Desire Creeps In

Ajahn Pasanno

Desire Creeps In

It’s worthwhile to watch the habits of desire and craving which continue to creep into the

mind, and on a certain level, to see how insidious these habits are. Really pay attention to desire and notice it, because it is insidious.

This isn’t a commentary on one’s inability to deal with it or to understand and recognize it, but more of a call to attend and be willing to investigate how desire keeps creeping in. One can then be willing and patient enough to work with the different ways that desires does come up, and examine what it seeks and the objects that it seeks. Don’t assume that because one has made the resolution: “Oh, I really want to free myself from desire,” that desire will no longer manifest in various ways. Be very practical and attentive.

Desire is always seeking an object. It doesn’t take much to stimulate desire. Various studies have been done with food. In one study researchers put out a variety of candies for their subjects. And by having a variety of candies-say six different varieties laid out in different locations-people ate 69% more. This is because the candies were out and people could see them.
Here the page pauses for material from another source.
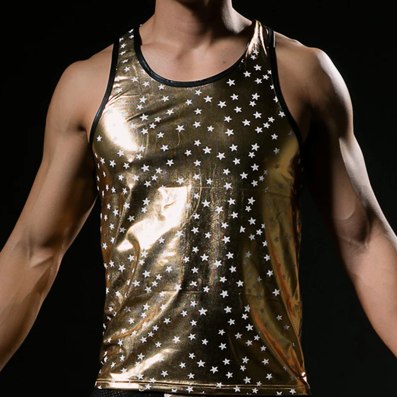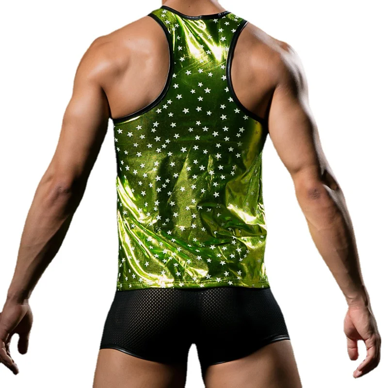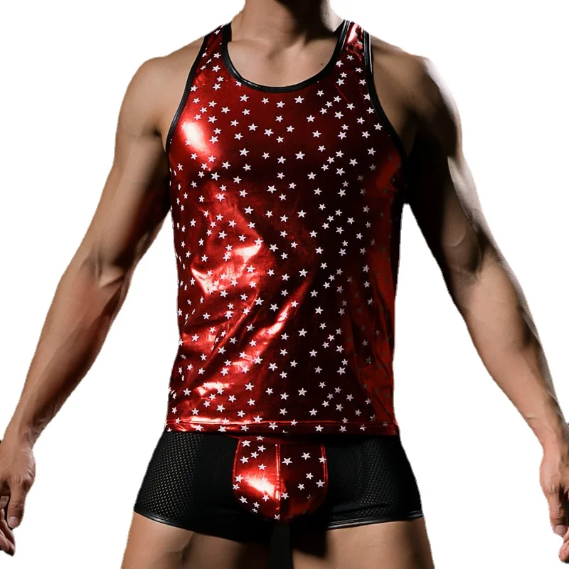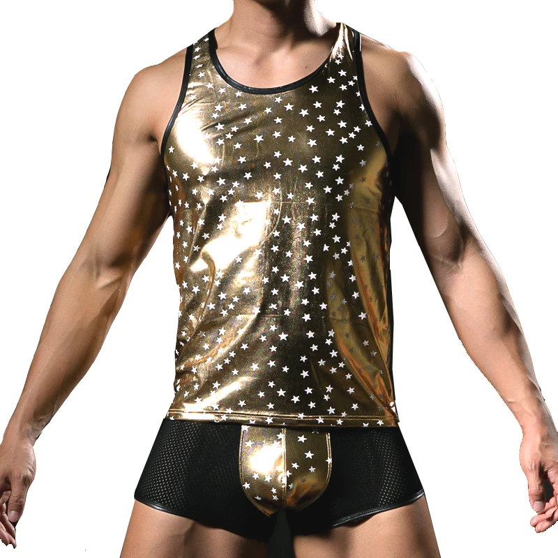 Майка мужская из искусственной кожи, пикантный жилет с блестящими звездами, без рукавов, боди для геев, Комплект трусов и боксеров, забавный жилет для вечерние

Or, in a similar experiment, by providing more colors of M&M’s, there was about a 43% increase in the volume of M&M’s that people ate, just by making them more colorful.

That’s what the mind does; it goes to an object and gets interested. There was also a study involving different sizes of containers, a big container and a small container. The small container held more than people could eat, but the big container was really big. What researchers were offering in this experiment was stale popcorn! As long it was in a really big container, people would eat a third more of the stale popcorn than they would eat out of the small container, which itself was also quite big.

It’s the way the mind works and we can recognize that it’s not a personal thing. It’s just that desire seeks an object. Our job is to be attentive and reflective, investigating.

Another example of this can be seen by how packaging works. There’s a researcher who wrote a book on desire and advertising. He was in a supermarket line about to purchase a package: Ten packets of chewing gum for $2.00. A colleague was there with him and said to the man: “You just wrote a paper on this!”

People get sucked in to such things. They see a package that says ‘Ten for two dollars’ and they might think “the cost is only twenty cents apiece.” If they saw the gum in one packet, they wouldn’t buy a pack for a small amount, but they see a package that says ‘ten for $2.00’ and they say to themselves “Oh, wow, that’s great!” It’s just the packaging stimulating desire. This researcher studied this phenomenon and has written papers on it, but for him it was still attractive. Desire comes up.

So, we can learn to investigate and be willing to investigate. We can watch, pay attention and learn how desire keeps hopping around looking for an object, looking for something. Investigate this, but not in a harsh way. Take an attitude of curiosity about it, rather than feeling that one has to run around with a sledgehammer and annihilate desire. Pay attention and ask the question: “what is desire doing?” Then you can recognize how silly this process is. “How dumb can I get?” That’s how one actually steps back from it: by really seeing it clearly and not making a problem out of it.